**DATA PROVIDED**
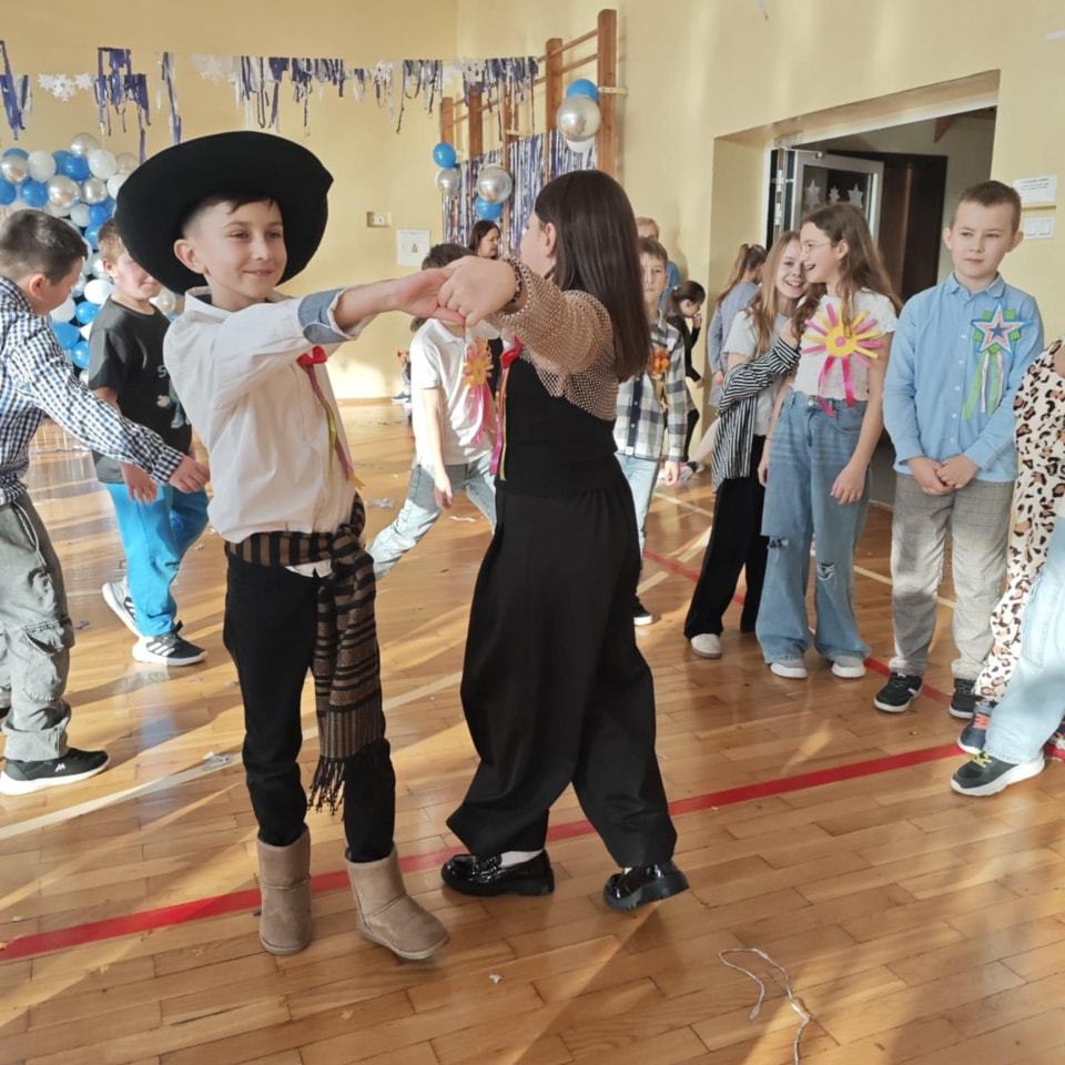 Karnawał to czas wspaniałej i radosnej zabawy. Uczniowie zawsze z niecierpliwością czekają na zabawę choinkową. W tym roku sala gimnastyczna zamieniła się w lodową krainę ale parkiet rozgrzał się do czerwoności. Wszyscy bawili się znakomicie przy rytmach różnorodnej muzyki, jak przystało na prawdziwy bal. Były pociągi, korowody, kółeczka i tańce, a uśmiechy nie schodziły z twarzy uczestników. To był udany, pełen wrażeń bal karnawałowy. Serdecznie dziękujemy Rodzicom za pomoc w jego zorganizowaniu.
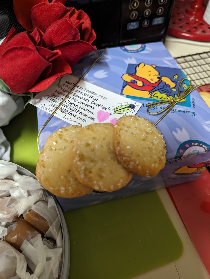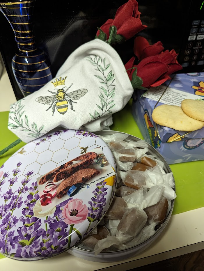 My Honey Rose Caramels (which didn’t capture the rose flavor because honey won the battle for first place) and the Lemon Butter Cookies went on a trip to a ranch and a special birthday girl who trains rescue dogs, is a beekeeper and a very busy mother and wife. I even found a tin appropriate for the wrapped caramels. See the honey bees amongst the lilacs?
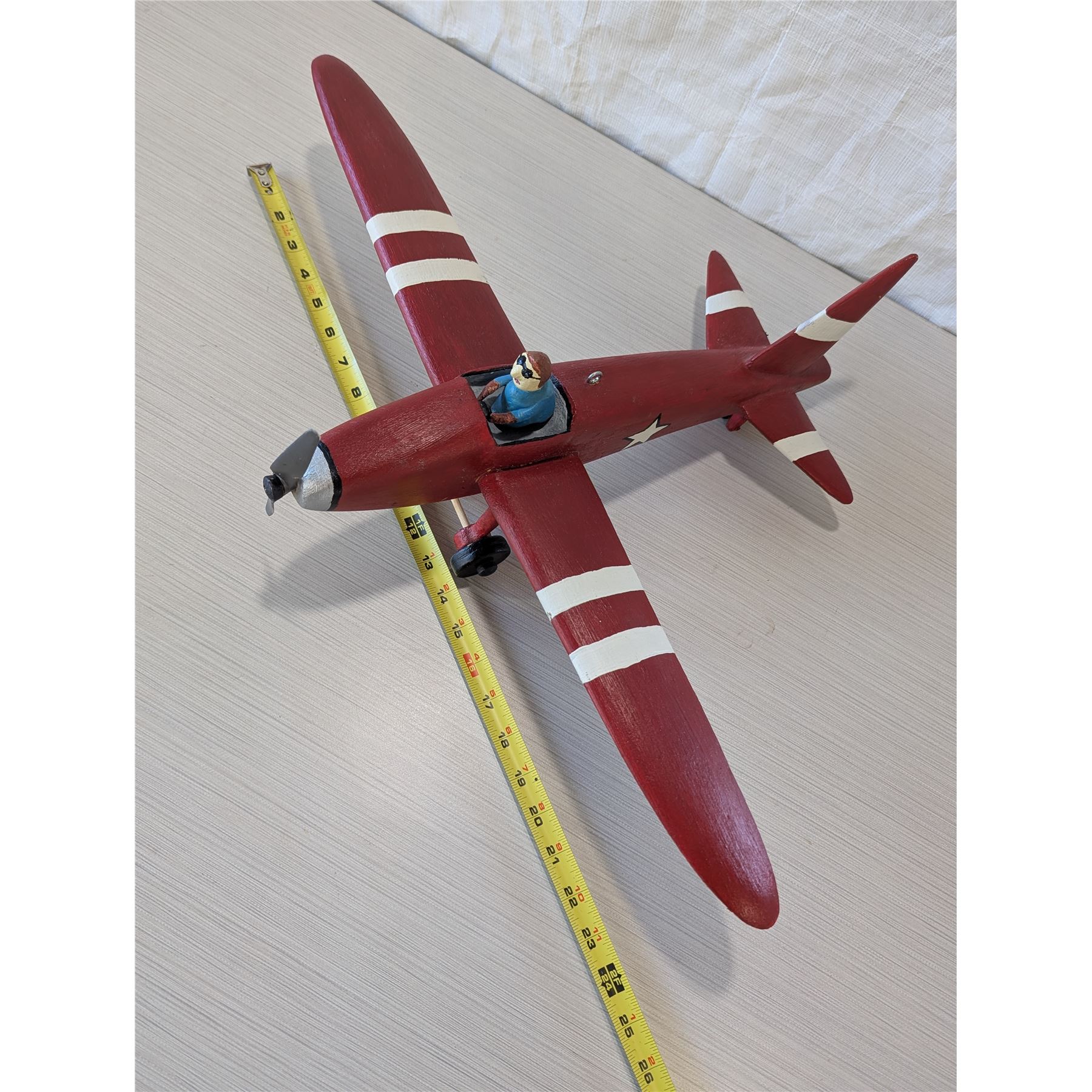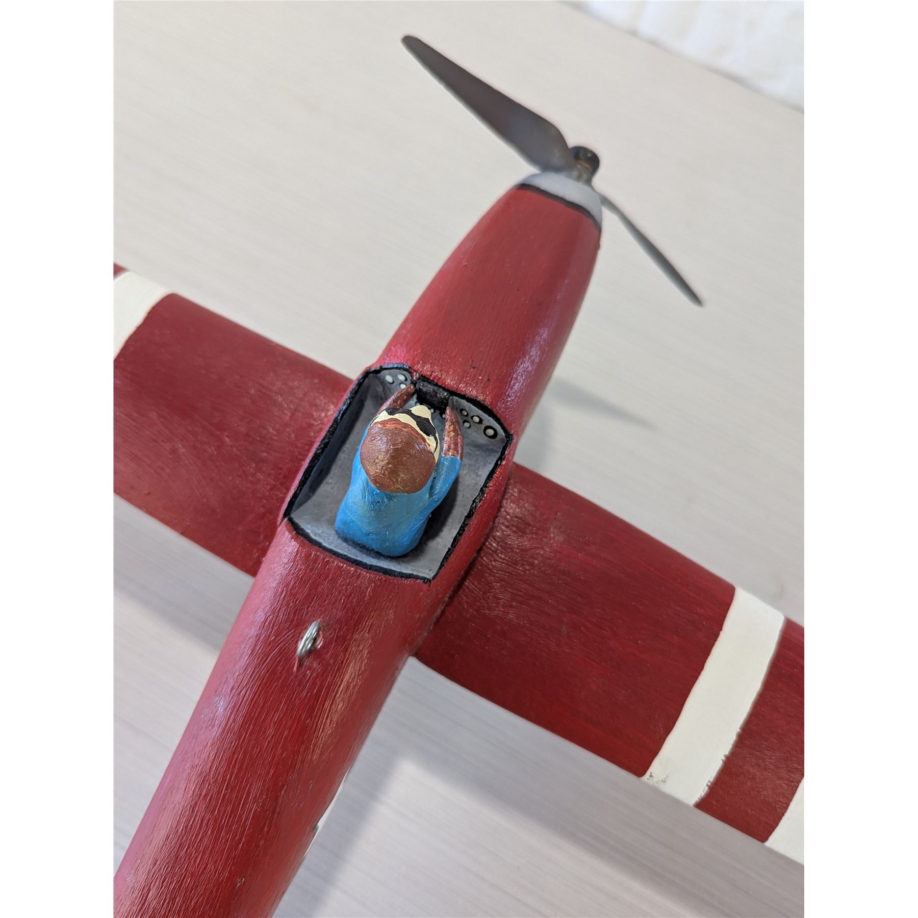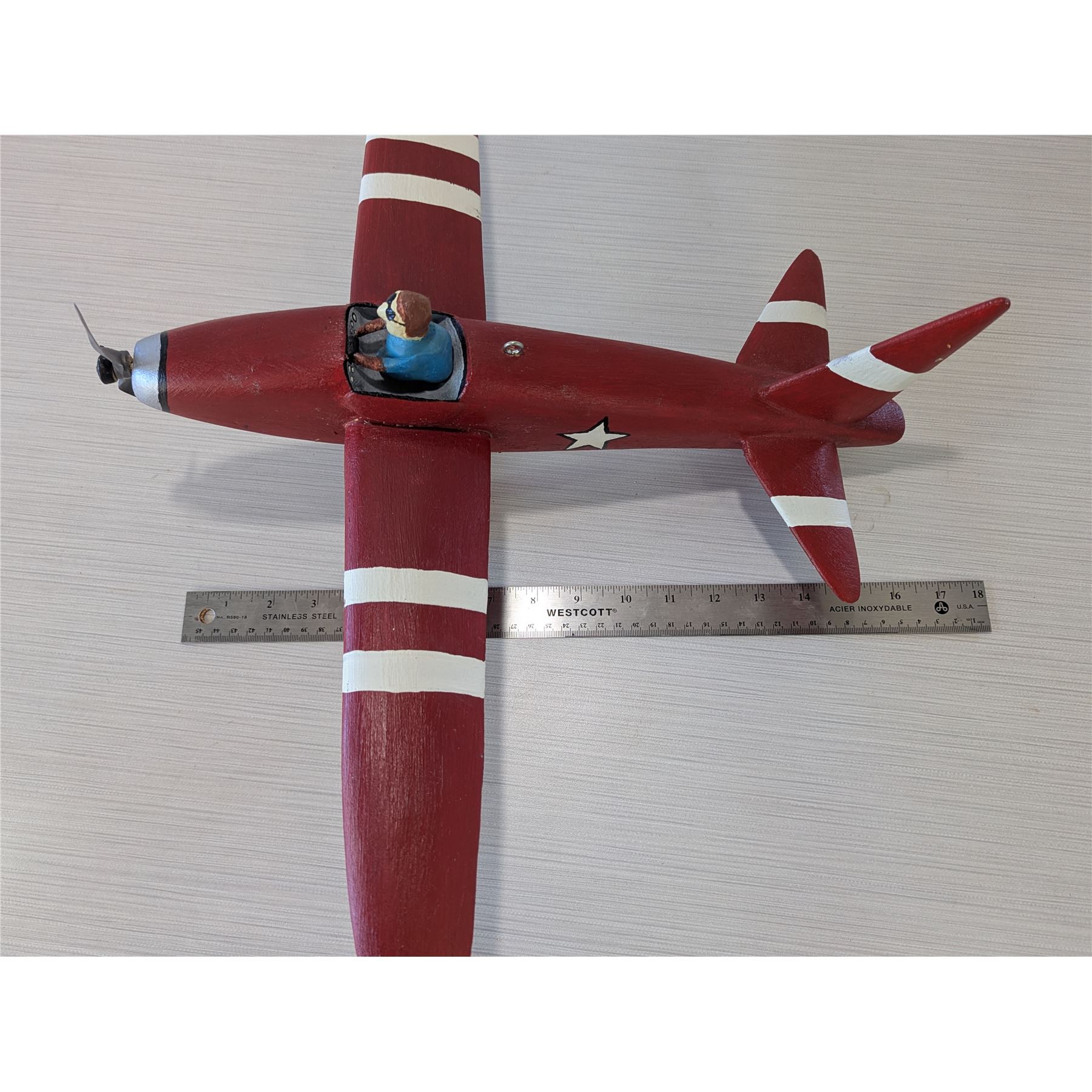 Folk Art model airplane, similar to a de Havilland DH.88 Comet. Wing span 24" and 16" fuselage.

**WHAT YOU WILL DO**
With the images removed, reproduce all the material above word for word.

**TASK OUTPUT**
 Karnawał to czas wspaniałej i radosnej zabawy. Uczniowie zawsze z niecierpliwością czekają na zabawę choinkową. W tym roku sala gimnastyczna zamieniła się w lodową krainę ale parkiet rozgrzał się do czerwoności. Wszyscy bawili się znakomicie przy rytmach różnorodnej muzyki, jak przystało na prawdziwy bal. Były pociągi, korowody, kółeczka i tańce, a uśmiechy nie schodziły z twarzy uczestników. To był udany, pełen wrażeń bal karnawałowy. Serdecznie dziękujemy Rodzicom za pomoc w jego zorganizowaniu.
 My Honey Rose Caramels (which didn’t capture the rose flavor because honey won the battle for first place) and the Lemon Butter Cookies went on a trip to a ranch and a special birthday girl who trains rescue dogs, is a beekeeper and a very busy mother and wife. I even found a tin appropriate for the wrapped caramels. See the honey bees amongst the lilacs?
 Folk Art model airplane, similar to a de Havilland DH.88 Comet. Wing span 24" and 16" fuselage.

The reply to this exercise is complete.